INFORMATION PROVIDED:
----

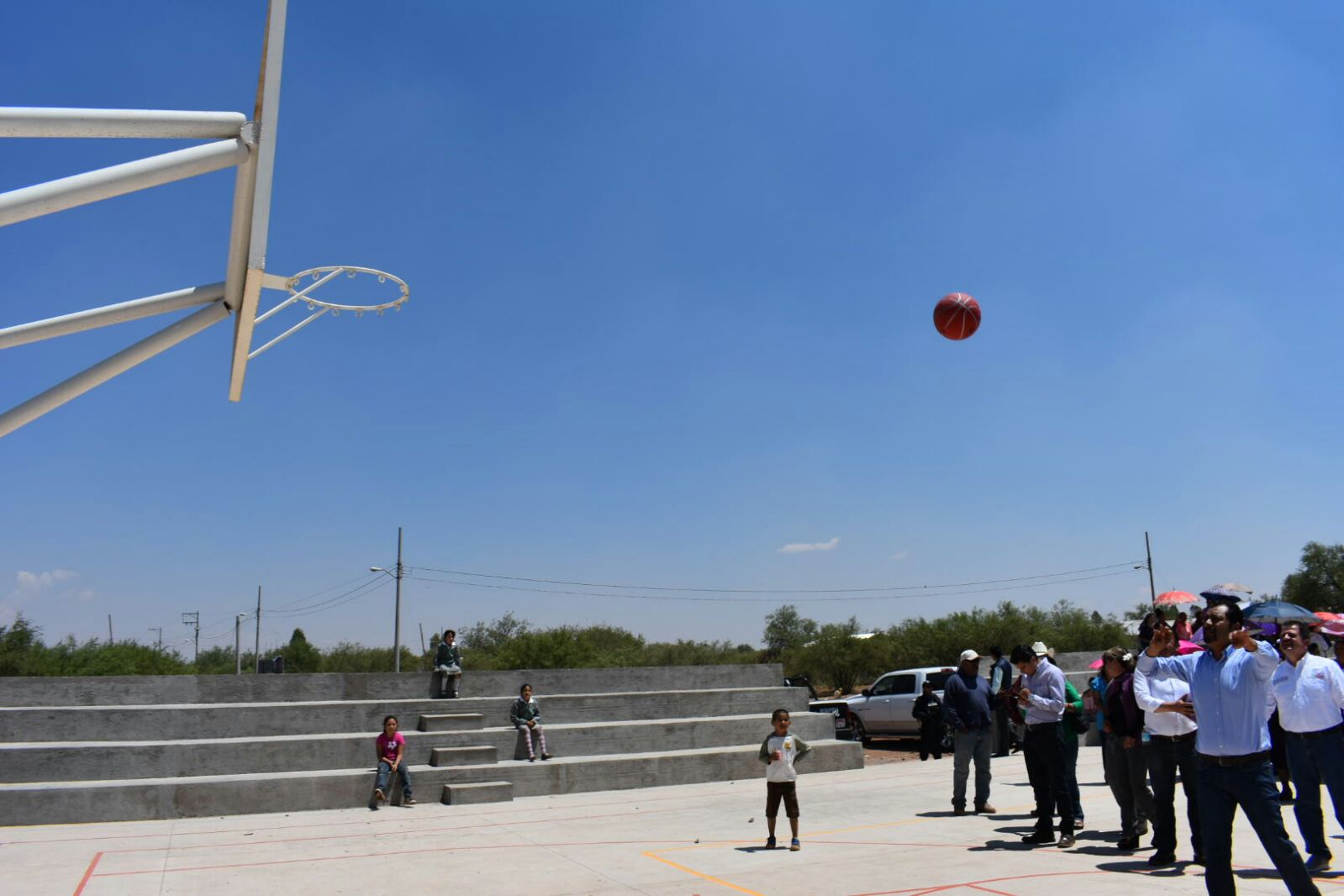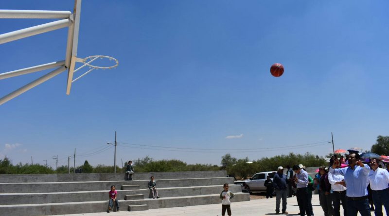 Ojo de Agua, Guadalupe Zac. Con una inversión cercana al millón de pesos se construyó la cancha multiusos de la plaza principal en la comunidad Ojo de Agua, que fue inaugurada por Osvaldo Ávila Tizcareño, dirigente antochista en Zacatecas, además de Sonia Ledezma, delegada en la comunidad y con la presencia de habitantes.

----

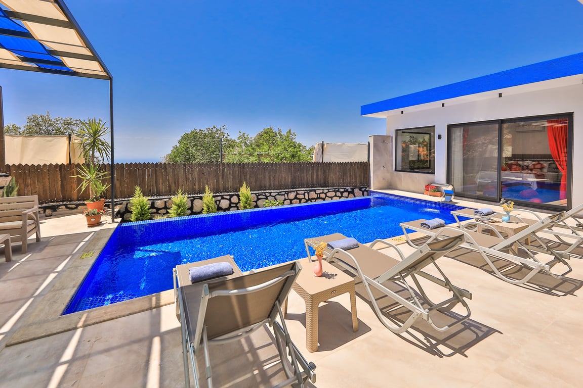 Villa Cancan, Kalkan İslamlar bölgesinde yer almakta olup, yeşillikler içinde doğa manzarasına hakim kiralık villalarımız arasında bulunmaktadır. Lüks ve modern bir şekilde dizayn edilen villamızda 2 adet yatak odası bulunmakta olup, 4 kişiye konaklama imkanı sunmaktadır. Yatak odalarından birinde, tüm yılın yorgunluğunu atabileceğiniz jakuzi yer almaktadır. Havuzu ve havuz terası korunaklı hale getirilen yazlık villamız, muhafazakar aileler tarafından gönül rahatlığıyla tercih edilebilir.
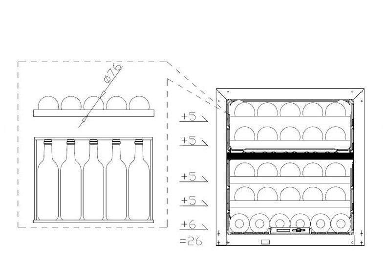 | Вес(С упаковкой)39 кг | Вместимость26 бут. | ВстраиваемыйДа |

----

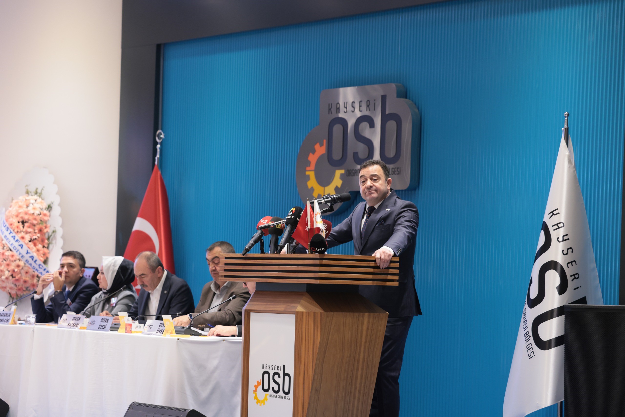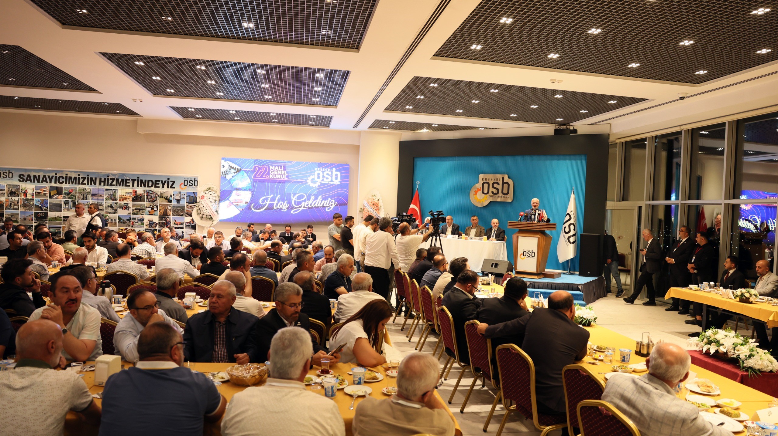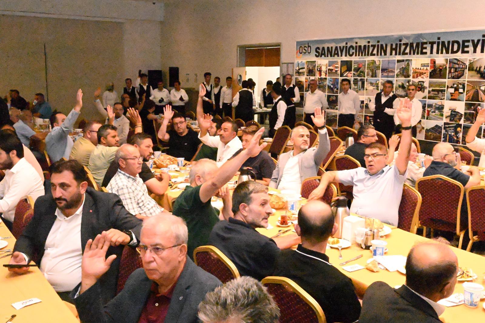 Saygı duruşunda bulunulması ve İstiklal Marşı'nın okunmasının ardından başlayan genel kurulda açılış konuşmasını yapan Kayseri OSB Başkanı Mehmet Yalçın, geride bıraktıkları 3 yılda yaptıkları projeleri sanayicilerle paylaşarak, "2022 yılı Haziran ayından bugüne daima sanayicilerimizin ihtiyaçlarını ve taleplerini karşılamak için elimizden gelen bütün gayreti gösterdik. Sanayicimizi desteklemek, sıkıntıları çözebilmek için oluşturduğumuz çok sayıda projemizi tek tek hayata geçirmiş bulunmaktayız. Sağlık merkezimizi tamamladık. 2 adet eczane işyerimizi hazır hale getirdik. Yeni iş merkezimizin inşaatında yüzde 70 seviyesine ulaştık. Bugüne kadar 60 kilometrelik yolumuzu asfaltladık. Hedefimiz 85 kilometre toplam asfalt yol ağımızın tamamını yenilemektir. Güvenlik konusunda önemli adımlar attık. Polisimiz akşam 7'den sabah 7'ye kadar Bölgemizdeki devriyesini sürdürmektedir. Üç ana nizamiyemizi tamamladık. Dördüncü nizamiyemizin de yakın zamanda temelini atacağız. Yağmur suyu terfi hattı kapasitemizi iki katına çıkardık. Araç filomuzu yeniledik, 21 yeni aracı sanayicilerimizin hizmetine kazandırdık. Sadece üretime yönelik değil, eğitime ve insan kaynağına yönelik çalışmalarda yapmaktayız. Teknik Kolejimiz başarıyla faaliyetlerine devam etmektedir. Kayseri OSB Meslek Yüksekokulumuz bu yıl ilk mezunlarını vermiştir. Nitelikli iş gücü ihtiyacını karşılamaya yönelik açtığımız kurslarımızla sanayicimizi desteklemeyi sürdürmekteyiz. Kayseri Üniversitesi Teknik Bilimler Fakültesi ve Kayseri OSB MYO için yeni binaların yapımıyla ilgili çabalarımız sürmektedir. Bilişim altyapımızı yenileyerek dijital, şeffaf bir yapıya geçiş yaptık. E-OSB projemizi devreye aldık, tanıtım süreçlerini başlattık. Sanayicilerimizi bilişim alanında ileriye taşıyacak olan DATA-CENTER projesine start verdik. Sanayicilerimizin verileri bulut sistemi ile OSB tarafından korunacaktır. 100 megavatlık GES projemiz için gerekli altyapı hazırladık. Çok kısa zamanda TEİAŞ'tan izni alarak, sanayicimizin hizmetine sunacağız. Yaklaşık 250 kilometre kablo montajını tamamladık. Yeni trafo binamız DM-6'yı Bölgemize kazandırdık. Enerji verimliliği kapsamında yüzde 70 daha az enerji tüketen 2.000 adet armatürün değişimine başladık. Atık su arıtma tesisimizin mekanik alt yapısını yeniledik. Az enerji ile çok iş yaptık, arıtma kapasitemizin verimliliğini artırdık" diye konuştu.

----

YOUR INSTRUCTIONS:
Go to the line above that contains "Villa Cancan, Kalkan" and reproduce everything exactly from there through the line that contains "бут. | ВстраиваемыйДа |", leaving out the pictures.

RESPONSE:
 Villa Cancan, Kalkan İslamlar bölgesinde yer almakta olup, yeşillikler içinde doğa manzarasına hakim kiralık villalarımız arasında bulunmaktadır. Lüks ve modern bir şekilde dizayn edilen villamızda 2 adet yatak odası bulunmakta olup, 4 kişiye konaklama imkanı sunmaktadır. Yatak odalarından birinde, tüm yılın yorgunluğunu atabileceğiniz jakuzi yer almaktadır. Havuzu ve havuz terası korunaklı hale getirilen yazlık villamız, muhafazakar aileler tarafından gönül rahatlığıyla tercih edilebilir.
 | Вес(С упаковкой)39 кг | Вместимость26 бут. | ВстраиваемыйДа |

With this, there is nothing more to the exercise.